Using the 7-adic Euclidean Algorithm for $\frac{181625}{11}$ and $\frac{9360}{11}$:
- $\frac{181625}{11} = (2)\left(\frac{10555}{2}\right) + \left(\frac{9360}{11} \cdot 7^1\right)$
- $\frac{10555}{2} = \left(\frac{12}{7}\right)\left(\frac{9360}{11} \cdot 7^1\right) + \left(\frac{-2215}{22} \cdot 7^2\right)$
- $\frac{9360}{11} \cdot 7^1 = \left(\frac{-10}{7}\right)\left(\frac{-2215}{22} \cdot 7^2\right) + \left(\frac{-5}{11} \cdot 7^4\right)$
- $\frac{-2215}{22} \cdot 7^2 = \left(\frac{50}{49}\right)\left(\frac{-5}{11} \cdot 7^4\right) + \left(\frac{-5}{22} \cdot 7^5\right)$
- $\frac{-5}{11} \cdot 7^4 = \left(\frac{2}{7}\right)\left(\frac{-5}{22} \cdot 7^5\right) + 0$
If someone could guide me to understand just one term, like $\frac{12}{7}$, I would greatly appreciate it!

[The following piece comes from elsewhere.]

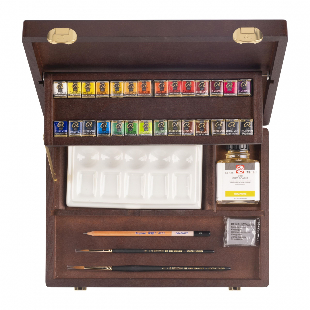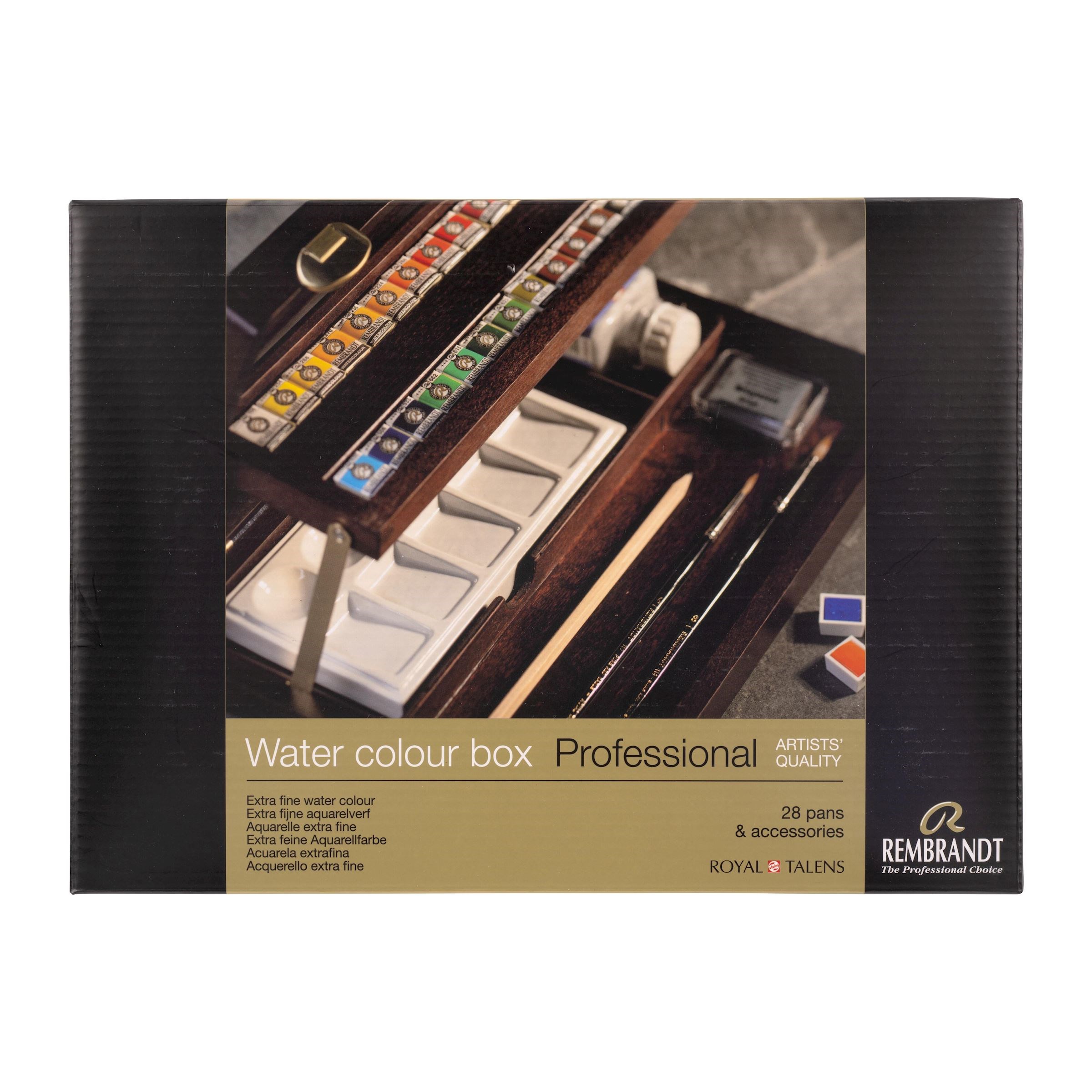 Акварель Royal Talens Rembrandt произведена из гуммиарабика и пигментов без наполнителей. Технология производства неизменна с 1899 года. Благодаря высокой насыщенности пигментами и превосходной светостойкости, акварели Rembrandt отдают предпочтение многие художники-акварелисты во всём мире. Светостойкость большинства цветов более 100 лет (при музейных условиях хранения). В наборе 28 кювет объёмом 1.3мл. Акварель для кювет Royal Talens предварительно запекается в специальных печах и нарезается вручную, после чего вставляется в кюветы. В процессе запекания из акварели выгоняются пузырьки воздуха, благодаря чему в объём 1,3мл умещается краски не меньше, чем в кюветы 2,5мл, в которые акварель налита в жидком виде и высушена естественным образом.

Applying the 5-adic Euclidean Algorithm for 325 and 35:
- $325 = (0)(35) + (13)(5^2)$
- $35 = \left(\frac{-11}{5}\right)(13)(5^2) + (6)(5^3)$
- $(13)(5^2) = \left(\frac{-2}{5}\right)(6)(5^3) + (1)(5^4)$
- $(6)(5^3) = \left(\frac{6}{5}\right)(5^4) + 0$
If someone could explain the derivation of any single term, e.g., $\frac{-11}{5}$, I'd be very grateful! Thank you.